Article illustrationArticle illustrationArticle illustrationN-Methylaniline is a chemical compound that belongs to the class of aromatic amines. It is commonly used in various industries for its versatile properties. With a molecular formula of C7H9N, N-Methylaniline consists of a benzene ring with a methyl group (-CH3) attached to the amino (-NH2) functional group. Research has indicated that exposure to high concentrations of N-Methylaniline can have harmful effects on various organ systems in the body, including the liver, kidneys, central nervous system, and hematopoietic system. Chronic exposure to N-Methylaniline has also been associated with potential carcinogenicity, particularly in relation to bladder cancer. Despite its potential health risks, N-Methylaniline has demonstrated promising applications in different fields. One area of interest is its use as a component in biosorbents, which efficiently remove Cr(VI) from water solutions. Furthermore, N-Methylaniline's electrochemical properties make it valuable in the development of sensors for measuring dopamine concentration and detecting carcinoembryonic antigen. These applications have potential implications in environmental remediation and clinical diagnostics.

 Article illustration

Figure 1. N-Methylaniline

Toxicology

N-Methylaniline is a chemical compound that requires careful consideration due to its potential toxic effects. Extensive research has been conducted to evaluate the toxicity profile and potential health hazards associated with N-Methylaniline exposure. In terms of acute toxicity studies, it has been observed that N-Methylaniline can have adverse effects on different organ systems. Inhalation or oral exposure to high concentrations of N-Methylaniline in animal models has been shown to induce toxicity in the liver, kidneys, central nervous system, and hematopoietic system. These effects may include tissue damage, oxidative stress, inflammation, and alterations in biochemical parameters. Furthermore, chronic exposure to N-Methylaniline has been linked to cumulative toxic effects. Prolonged contact or repeated exposure to N-Methylaniline has been found to result in systemic toxicity, including potential carcinogenicity. Animal studies have indicated an increased incidence of tumors, particularly bladder cancer, following prolonged exposure to N-Methylaniline. However, it is important to note that further research is needed to fully understand the exact mechanisms and potential for carcinogenesis in humans. It is crucial to adhere to proper safety measures when handling and using N-Methylaniline due to its toxic nature. Protective equipment such as gloves, goggles, and respiratory protection should be used to minimize exposure. Proper ventilation and engineering controls should be implemented when working with this compound to prevent inhalation or dermal absorption. Overall, the toxicity of N-Methylaniline highlights the importance of responsible handling and proper safety precautions. Further research and regulatory assessments are necessary to establish comprehensive guidelines and ensure the safe use of this chemical compound. 1

Article illustrationApplications

Biosorbent

N-methylaniline plays a crucial role in the lignin-based biosorbent (LSMA) for efficient removal of Cr(VI) from aqueous solution. The LSMA, prepared by cross-linking lignosulfonate and N-methylaniline, possesses amino groups and oxygen-containing functional groups such as phenolic, carboxyl, and sulfonic groups.

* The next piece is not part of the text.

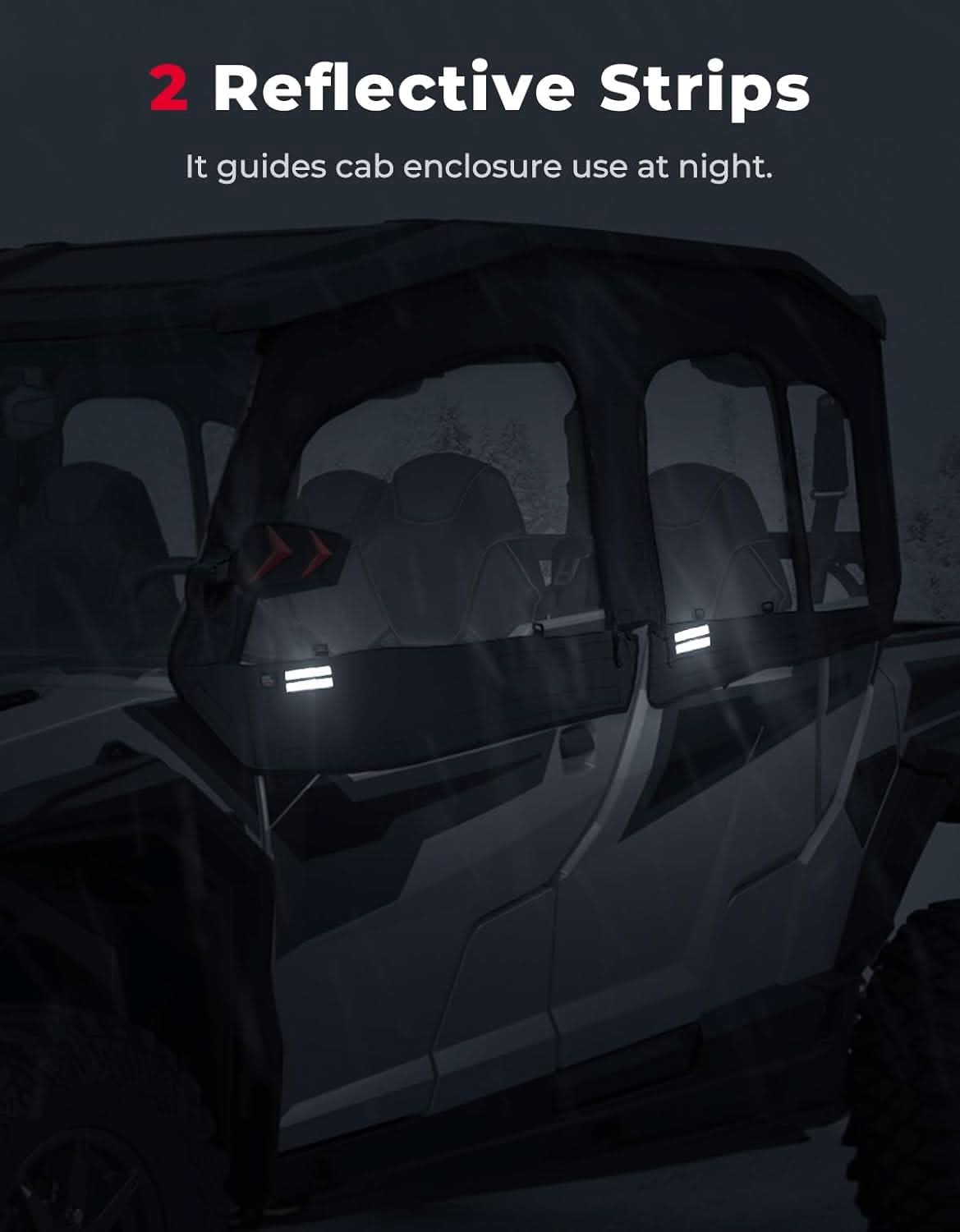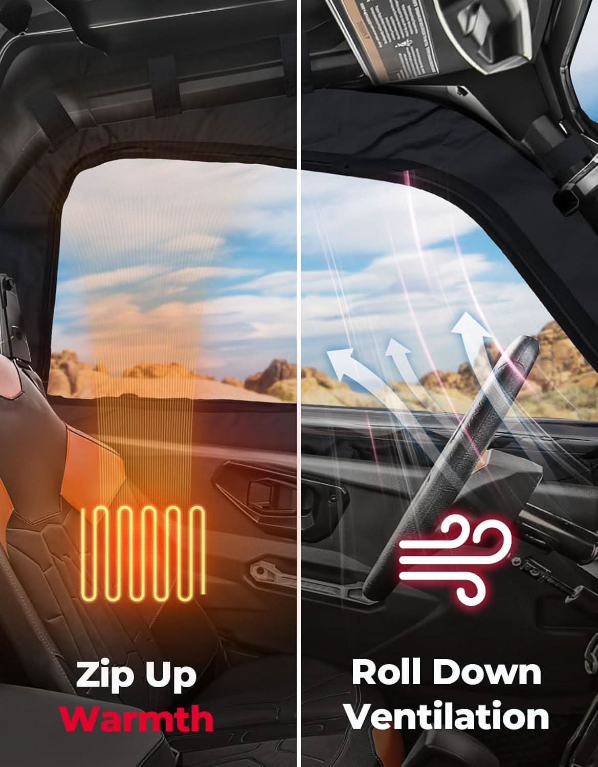 UTV soft cab enclosure for Polaris General 4 1000 (2018-2025) and XP 4 1000 (2020-2026); 98% sealing keeps cabins warmer, YKK zippers, mirror-ready fit, roll-up vents, no-tools install.

This unique composition enables LSMA to achieve a maximum adsorption capacity of 1264.8 mg/g at 318 K according to the Langmuir isotherm. Additionally, LSMA demonstrates excellent performance even at low concentrations of Cr(VI), being capable of fully removing a hazardous Cr(VI) solution of 50 mg/L within just 10 minutes. The adsorption process follows a pseudo-second-order kinetic model, indicating chemical adsorption characteristics. Furthermore, the adsorption process is spontaneous and endothermic. LSMA exhibits remarkable efficacy even in the presence of high levels of competing anions. The mechanism of action involves the adsorption of Cr(VI) anions on LSMA's abundant functional groups, along with the reduction of Cr(VI) to less toxic Cr(III) by adjacent electron donor groups. The formed Cr(III) is then immobilized on LSMA through surface complexation and precipitation. Overall, N-methylaniline in LSMA contributes significantly to its potential as a promising treatment option for Cr(VI)-contaminated water. 2

Electrochemical sensor

N-methylaniline plays a significant role in the development of an electrochemical sensor used for measuring dopamine (DA) concentration. The sensor is based on a composite of re-doped poly(N-methylaniline) (rePNMA) and modified multi-walled carbon nanotubes (fMWCNTs), referred to as fMWCNT-rePNMA. Cyclic voltammetry (CV) analysis demonstrated that the fMWCNTs-rePNMA composite exhibited excellent electrocatalytic activity towards the oxidation of DA. Therefore, the fMWCNTs-rePNMA composite sensor holds promising potential for determining the level of DA in human urine. 3

Detection of carcinoembryonic antigen

In the detection of carcinoembryonic antigen (CEA), N-methylaniline plays a crucial role as a constituent of the doped poly(N-methylaniline) (dPNMA) in a label-free electrochemical immunosensor. The sensor consists of thiolated chitosan (tCHI) as a support matrix for immobilizing CEA antibodies (anti-CEA). The performance of the immunosensor is evaluated using cyclic voltammetry (CV), differential pulse voltammetry (DPV), and electrochemical impedance spectroscopy (EIS). The detection of CEA concentration relies on the decrease in DPV current response with increasing CEA concentration due to the formation of the antigen-antibody immunocomplex. Additionally, the sensor demonstrates excellent selectivity, reproducibility, and long-term stability, indicating its potential for clinical immunoassay applications in determining CEA levels. 4

Reference

1. Provisional Peer Reviewed Toxicity Values for N-Methylaniline. United States Environmental Protection Agency, 2005, 690, R-05:017F

2. Zhou H, Shi X, Wu W, An X, Tian Y, Qiao Y. Facile preparation of lignosulfonate/N-methylaniline composite and its application in efficient removal of Cr(VI) from aqueous solutions. Int J Biol Macromol, 2020, 154:1194-1204.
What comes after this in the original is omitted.